Faith, Fear, War, Peace
Snapshots of the grim and 'happy' ministry of today's military chaplains.
By Deann Alford | posted 12/01/2004 12:00AM
Chaplain Captain James Covey is up earlier than he cares to be, fighting 6:30 A.M. traffic through Fort Hood's main gate with a hundred soldiers late to calisthenics. At 6:45 he's leading what he calls "your standard Army prayer breakfast" at Darnall Army Community Hospital.
It's also Covey's turn to carry the funeral bag. It contains a cell phone that rings when a veteran dies and wishes to have a funeral with military honors. Other times it rings for a soldier who dies in Iraq. As funeral duty chaplain, Covey helps bear the news to the soldier's next of kin.
Covey, 37, creeps through the three-lane queue in his aged Suburban with his Bible, his grandfather's cheapo guitar, and three empty car seats for his three little girls. He shows a gatekeeper his Army photo ID: a quarter-inch horseshoe of hair fringing a slick dome, striking Greek features, goofball grin.
Covey answered God's call to the chaplaincy while serving as a senior pastor in a Tyler, Texas, Southern Baptist church. As he waits to see if he'll be subject to a random vehicle search, he mulls what he can tell a clutch of doctors, nurses, medics, and soldiers in a 10-minute sermon on being deployed.
Elsewhere on the base, about a mile from the main gate, Chaplain Major Greg Walker, 39, is one of 12,000 Fourth Infantry Division troops doing pushups and sit-ups and running in formation. After 11 years in the chaplaincy, it's routine. In 2002 the Army shipped Walker, his wife, Roxanne, and their two sons to Fort Hood, the largest active-duty armored post in the United States. In this small city in the heart of Texas, some 90 chaplains representing the gamut of Christian denominations, plus a couple of imams and rabbis, shape the souls of more than 40,000 troops and their families on 339 square miles, 70 miles north of Austin, the state capital. No longer jumping out of airplanes with Special Forces, Walker's tame new post-Iraq role is deputy chaplain, keeping ministry rolling for the Fourth Infantry's 29 chaplains.

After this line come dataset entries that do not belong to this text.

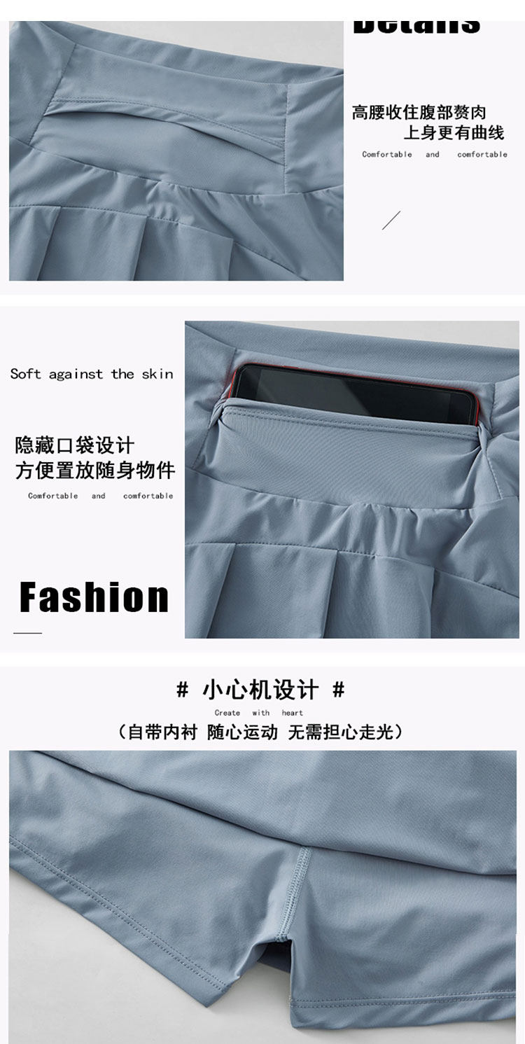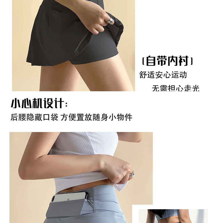 Anti-Exposure Yoga Butt-Covering Fitness Badminton High-Waisted Pocket Tennis Skirt Women's Training Running Sports Half Skirt
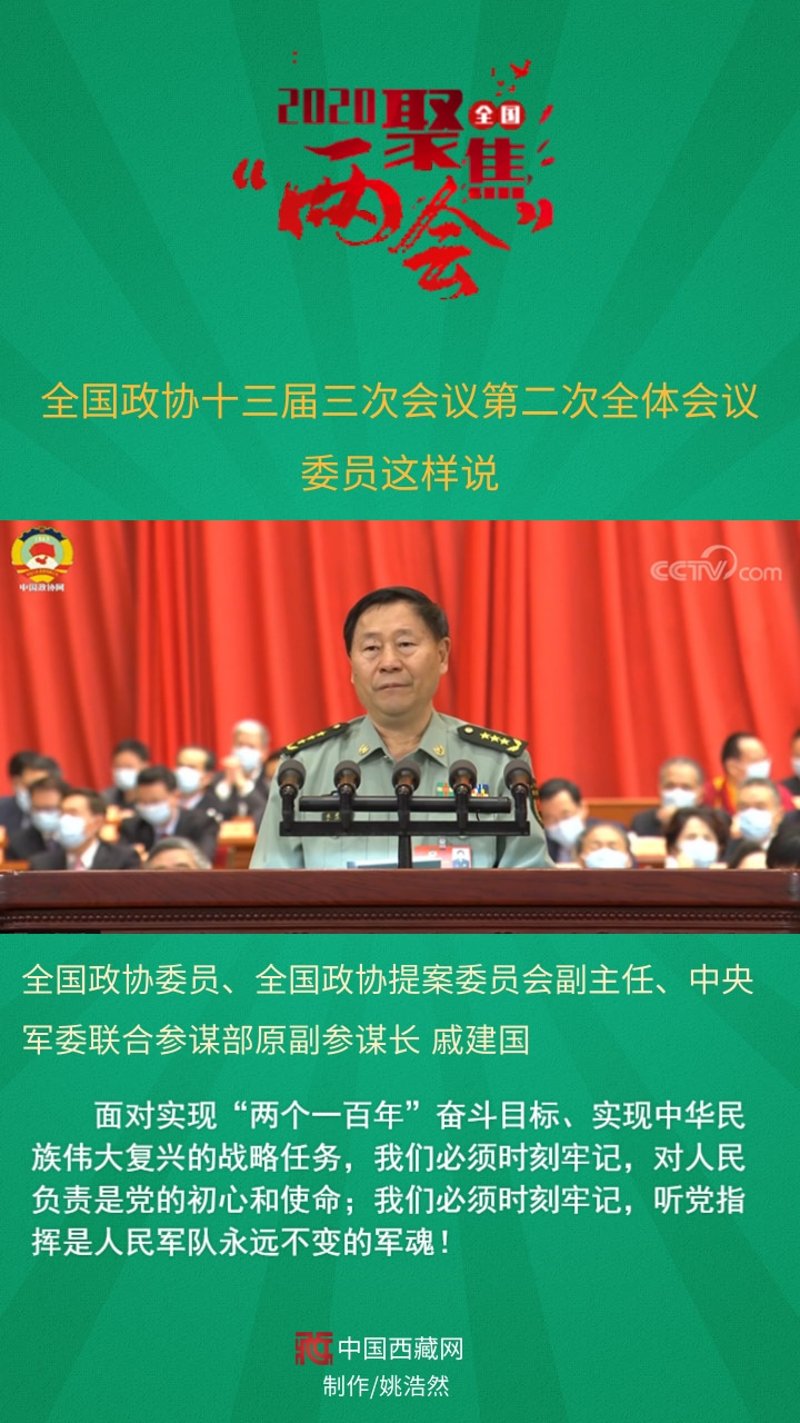 全國政協(xié)委員、全國政協(xié)提案委員會副主任、中央軍委聯(lián)合參謀部原副參謀長戚建國發(fā)言說,面對實現(xiàn)“兩個一百年”奮斗目標、實現(xiàn)中華民族偉大復(fù)興的戰(zhàn)略任務(wù),我們必須時刻牢記,對人民負責(zé)是黨的初心和使命;我們必須時刻牢記,聽黨指揮是人民軍隊永遠不變的軍魂!
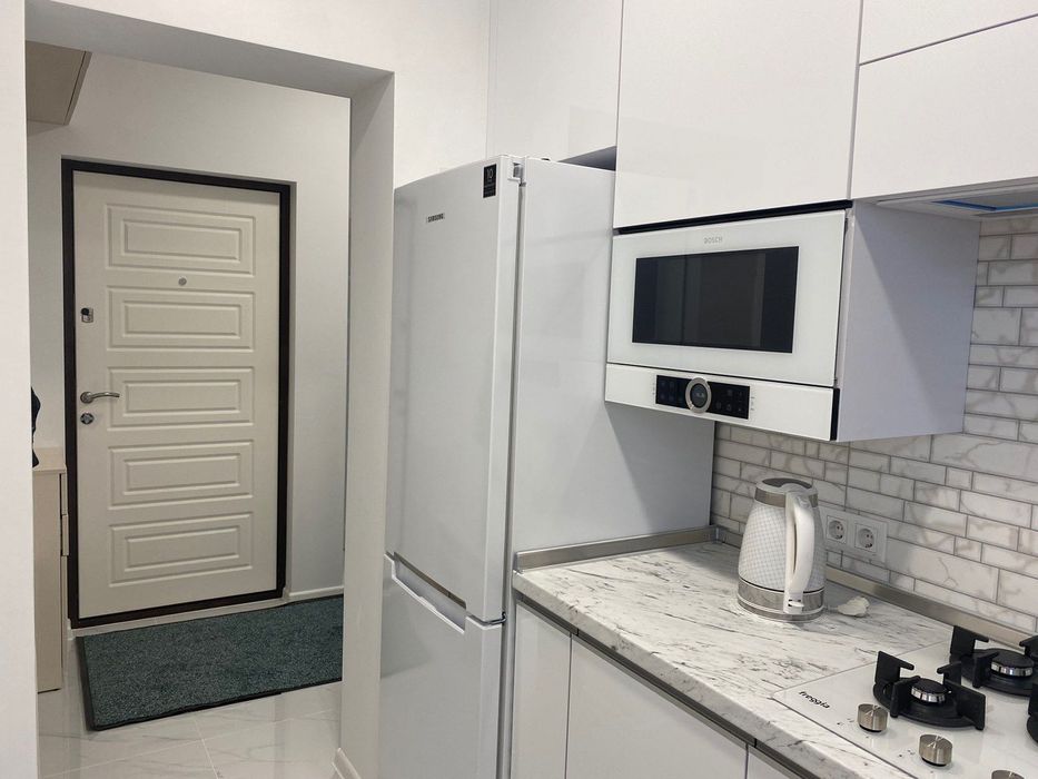 Квартира оборудована качественной техникой: холодильник Samsung; встроенная посудомоечная машина Bosch; встроенная микроволновка Bosch; итальянская газовая плита Freggia, итальянская электродуховка Freggia; кондиционер с wi-fi; итальянские смесители Remer. В спальне установлены: кровать 1,8х2 с подъёмным механизмом и качественным матрасом, 2 тумбочки, шкаф-купе. В квартире есть кладовка (5 м2.).

Covey, Walker, and four other chaplains formed a band of brethren who together earned their right-shoulder combat patches serving the Fourth Infantry's Second Brigade in Iraq. The military is their wide-open mission field, a public institution that respects faith in ways many civilians would find surprising. Chaplains are preachers, teachers, and counselors, counted as vital players who quietly help hold the military together. In garrison, they offer counsel and spiritual support to soldiers and their families. Deployed to battlefields such as Iraq and Afghanistan, they're missionaries bringing God's love to men and women who are unusually open to matters of faith, giving soldiers and their families the ability to integrate faith and their fearsome work.
Chaplain garrison duties range from the heartbreakinghelping deliver death news to a soldier's loved onesto the borderline ludicrous: blessing a bowling alley's new snack bar.
At a Fourth Infantry chaplains' meeting, a chaplain major updates the group on the priest who in May became the war's first wounded chaplain, losing an eye to an Iraqi roadside bomb. As expected, some soldiers are having hard adjustments. Returning husband-and-wife soldiers died in a murder-suicide at Fort Hood in July. Walker's new boss, Chaplain Lieutenant Colonel Tommy Preston, tackles what's on everybody's mind, though all know the answer: "Are we going to redeploy? Yeah. I think that's pretty certain," he says. No one sighs or grumbles. "The question is just where and when. Probably to Iraq." The Fourth Infantry likely won't spend a full year in garrison before heading back out.